Required work: Leave the pictures out. Retype exactly the lines below from the one containing "Elegant black sandals" through the one containing "MICHAEL Michael Kors", and no others.

Listed entries:
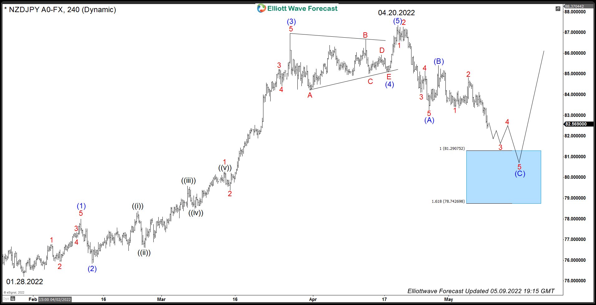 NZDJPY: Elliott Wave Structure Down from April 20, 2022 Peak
==
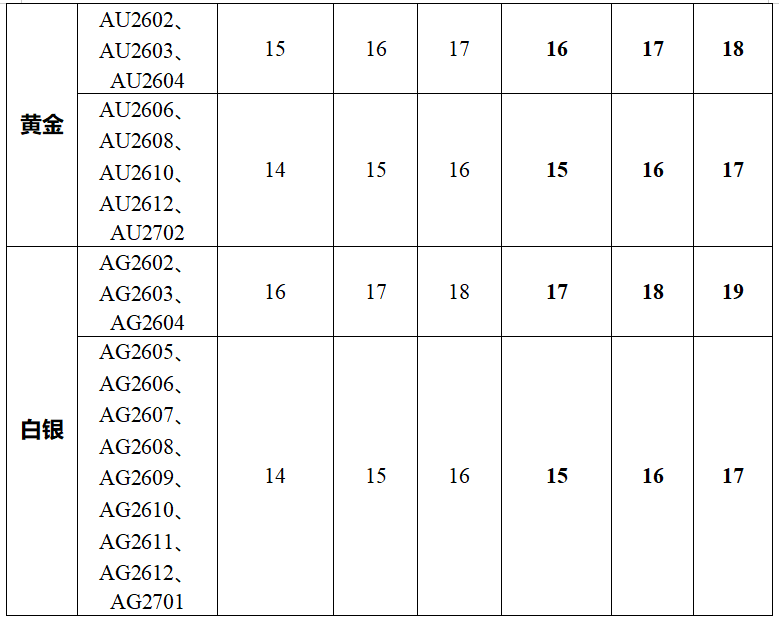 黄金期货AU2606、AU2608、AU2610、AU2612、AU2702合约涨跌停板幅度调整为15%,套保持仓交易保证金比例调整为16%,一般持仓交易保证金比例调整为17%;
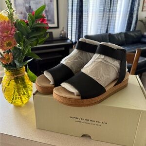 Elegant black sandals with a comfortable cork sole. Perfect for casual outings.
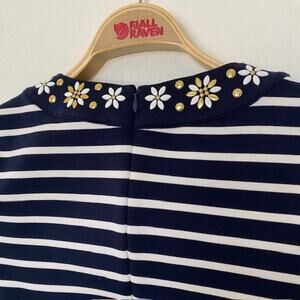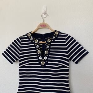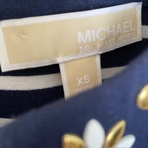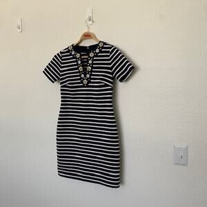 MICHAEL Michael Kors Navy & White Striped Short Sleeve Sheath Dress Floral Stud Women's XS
---
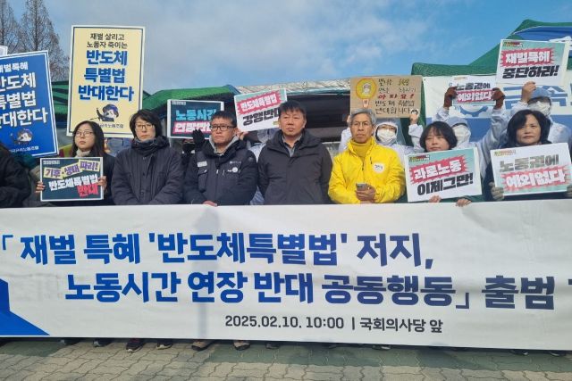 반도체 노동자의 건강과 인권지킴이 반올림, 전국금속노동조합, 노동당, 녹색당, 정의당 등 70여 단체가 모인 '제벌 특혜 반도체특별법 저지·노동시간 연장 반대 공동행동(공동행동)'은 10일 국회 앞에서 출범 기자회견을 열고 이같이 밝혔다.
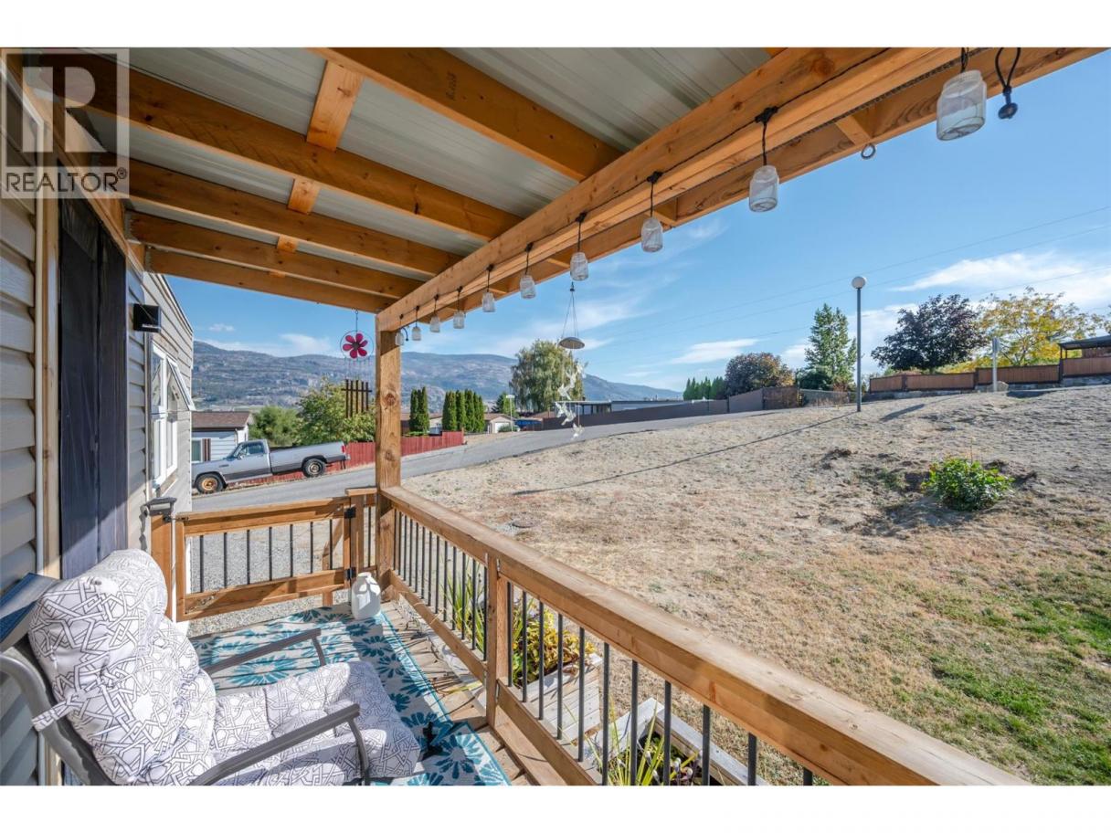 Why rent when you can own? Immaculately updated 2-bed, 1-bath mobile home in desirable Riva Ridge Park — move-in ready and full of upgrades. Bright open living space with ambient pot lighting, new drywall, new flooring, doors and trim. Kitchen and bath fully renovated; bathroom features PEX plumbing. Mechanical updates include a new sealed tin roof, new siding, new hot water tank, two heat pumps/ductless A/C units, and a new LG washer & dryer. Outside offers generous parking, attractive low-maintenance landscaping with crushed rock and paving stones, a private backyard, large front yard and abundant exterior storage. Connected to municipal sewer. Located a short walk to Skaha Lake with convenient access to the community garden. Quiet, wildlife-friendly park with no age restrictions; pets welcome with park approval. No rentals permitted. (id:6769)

Solved problem:
 Elegant black sandals with a comfortable cork sole. Perfect for casual outings.
 MICHAEL Michael Kors Navy & White Striped Short Sleeve Sheath Dress Floral Stud Women's XS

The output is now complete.